-- RECORDED DATA --
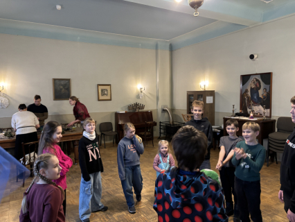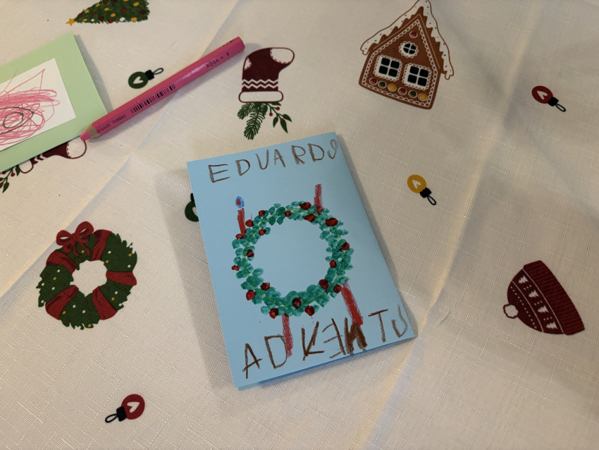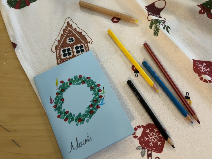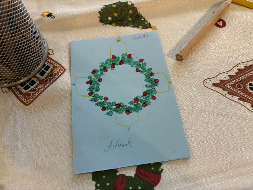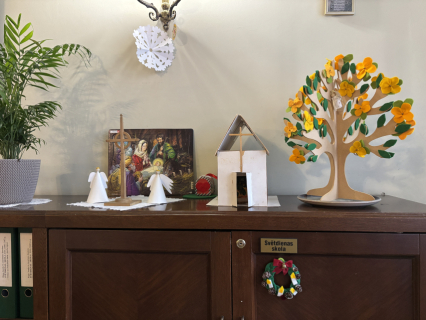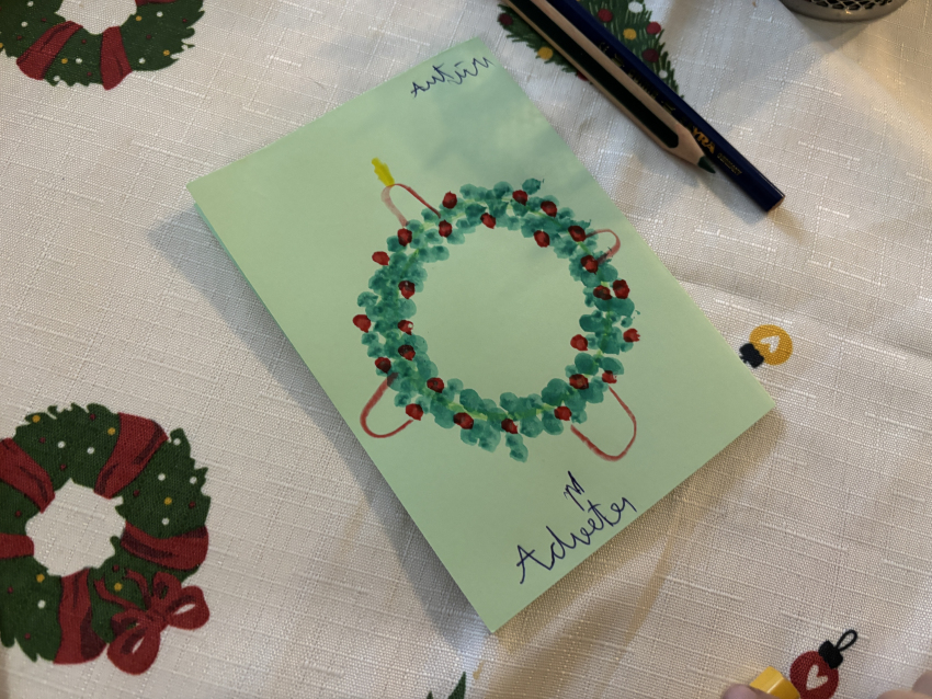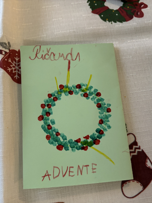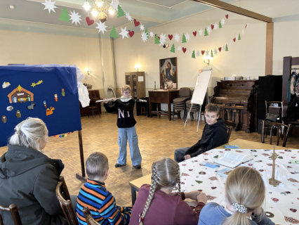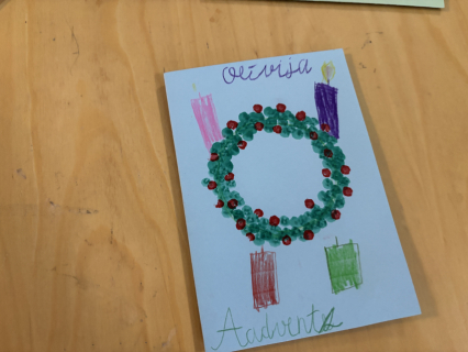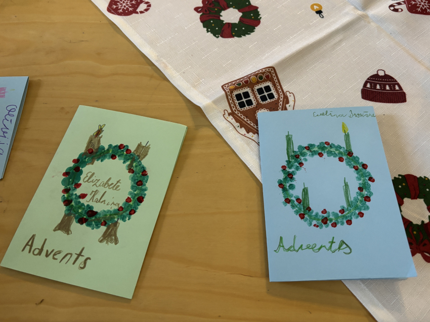 Šodien Svētdienas skoliņā kā bišu stropā! Pēc kopīgas lūgšanas un dziesmiņas, māmiņas un tēti darina Adventa vainagu no skujiņām, kastaņiem, čiekuriem, zvaigznītēm – brīnumi! Bērni klausās Bībeles lasījumu par to kā Jēzus Bērniņš piedzima un iezīmē savos Adventa vainadziņos svecītes. Elizabete spēlē flautu. Priecīgām skaņām pilnas ausis, sirsniņas un visa Baznīcas Mazā zāle. Ar piparkūku un sk. Ilzes cepto kēksiņu smaržu tiek iepriecināts katrs Baznīcā nācējs. Lai brīnišķīgs Adventa laiks! Lai Dievs svētī katru mīļo Dieva draugu! Lai piedošanas prieks, labestība un mīlestība ir ar katru!
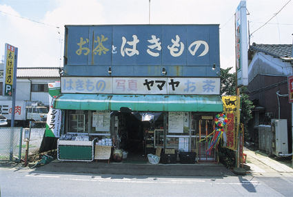 地方によってはよく見かけるモノ、またその地域では不思議でも何でもない。けれど別な地域から訪れた人からすると不思議に思えたり、面白く見えたりするモノも多いんです。たとえば看板ですが、間々田で見つけた「お茶とはきもの」という変な看板は、地方に行くと時々見かけます。前に「魚と宝石」というのもありました。おそらく魚屋さんの息子さんが魚屋さんが嫌で、宝石屋さんをはじめてしまったのではないかと思います。だから一つのお店で魚と宝石を売っている。このお店でも、お茶と、はきものを売っているわけですが、「と」が小さく書かれているところからすると、最初は「お茶はきもの」だったのかもしれませんね。だけど、それでは「お茶は着物」と読めてしまう。そのことに後から気がついて、小さく「と」を入れたのではないでしょうか。もちろん、これは私の勝手な想像ですけど。
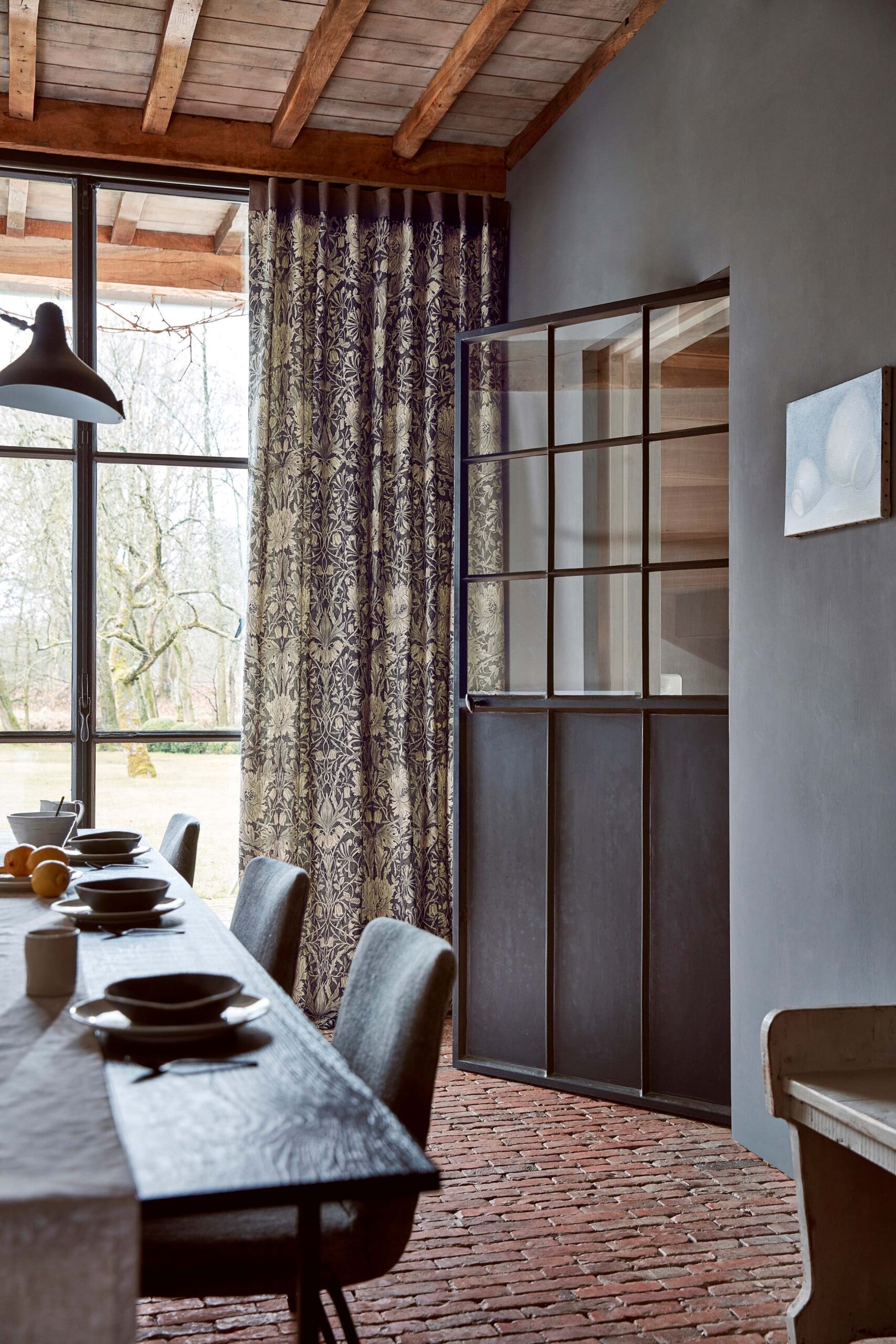 19世紀後半に起こったアーツ・アンド・クラフツ運動の頃に使われていた制作方法・ブロックプリント特有の滲みなどを表現したプリントや、当時使われていたインディゴ染めなどの深みのある色合いが特徴です。ウォールナットやチーク材の建具や家具とも相性抜群。王道のモリスを楽しみたい方や、和モダンなスタイルがお好きな方にオススメです。
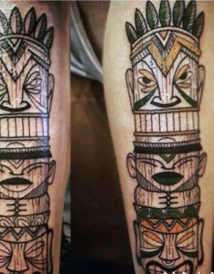 小腿彩色的部落卡通雕像纹身图案
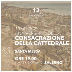 Giovedì 13 luglio alle ore 19.00 presso la Cattedrale, sarà celebrata la Santa Messa in occasione del 939° anniversario della Consacrazione del principale luogo di culto della città di Salerno, fondato sulle reliquie dell’Apostolo Matteo, avvenuta il 13 luglio del 1084 ad opera di Papa Gregorio VII in esilio nella nostra città.
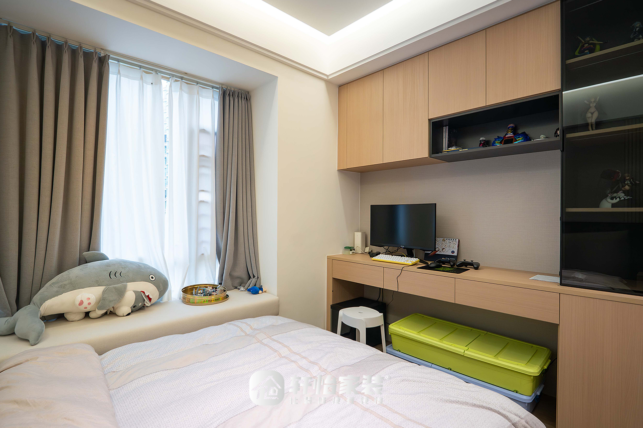 男孩房两处折墙设计是空间的灵魂所在,既为墙面赢得了定制柜体的容量,又保证了内部空间的平整与纯粹。
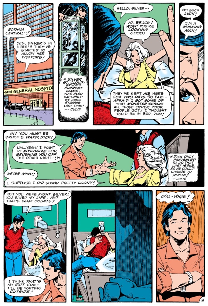 A lean, muscular, propulsive storyline, Batman: Strange Apparitions opens—much like the later “Knightfall”—with a Bruce Wayne weakened from battle, setting him up for defeat at the hands of one of his oldest foes, Professor Hugo Strange (unseen since December 1940’s Detective Comics #46). Strange drugs the Dark Knight, steals both Bruce Wayne and Batman’s identities, then auctions off his secret. Along the way he runs afoul of a new character—Gotham City councilman/crime boss Rupert Thorne. Batman survives to battle the Penguin and a reinvented Deadshot (who’d been MIA since 1950’s Batman #59). Then the Joker returns to Gotham, madder than ever, in Detective Comics #475’s unforgettable “The Laughing Fish.” The run climaxes with a battle between Caped Crusader and clown. Along the way, Bruce Wayne is depicted as having, for the first time, an actual sex life, and a new leading lady who’s his equal in spirit and intellect (a rarity in the comics of those days): Ms. Silver St. Cloud.

-- TRY IT --
Your answer should consist solely of the lines from the one holding "19世紀後半に起こったアーツ" through the end of the listing, reproduced exactly and without pictures.

-- OUTPUT --
 19世紀後半に起こったアーツ・アンド・クラフツ運動の頃に使われていた制作方法・ブロックプリント特有の滲みなどを表現したプリントや、当時使われていたインディゴ染めなどの深みのある色合いが特徴です。ウォールナットやチーク材の建具や家具とも相性抜群。王道のモリスを楽しみたい方や、和モダンなスタイルがお好きな方にオススメです。
 小腿彩色的部落卡通雕像纹身图案
 Giovedì 13 luglio alle ore 19.00 presso la Cattedrale, sarà celebrata la Santa Messa in occasione del 939° anniversario della Consacrazione del principale luogo di culto della città di Salerno, fondato sulle reliquie dell’Apostolo Matteo, avvenuta il 13 luglio del 1084 ad opera di Papa Gregorio VII in esilio nella nostra città.
 男孩房两处折墙设计是空间的灵魂所在,既为墙面赢得了定制柜体的容量,又保证了内部空间的平整与纯粹。
 A lean, muscular, propulsive storyline, Batman: Strange Apparitions opens—much like the later “Knightfall”—with a Bruce Wayne weakened from battle, setting him up for defeat at the hands of one of his oldest foes, Professor Hugo Strange (unseen since December 1940’s Detective Comics #46). Strange drugs the Dark Knight, steals both Bruce Wayne and Batman’s identities, then auctions off his secret. Along the way he runs afoul of a new character—Gotham City councilman/crime boss Rupert Thorne. Batman survives to battle the Penguin and a reinvented Deadshot (who’d been MIA since 1950’s Batman #59). Then the Joker returns to Gotham, madder than ever, in Detective Comics #475’s unforgettable “The Laughing Fish.” The run climaxes with a battle between Caped Crusader and clown. Along the way, Bruce Wayne is depicted as having, for the first time, an actual sex life, and a new leading lady who’s his equal in spirit and intellect (a rarity in the comics of those days): Ms. Silver St. Cloud.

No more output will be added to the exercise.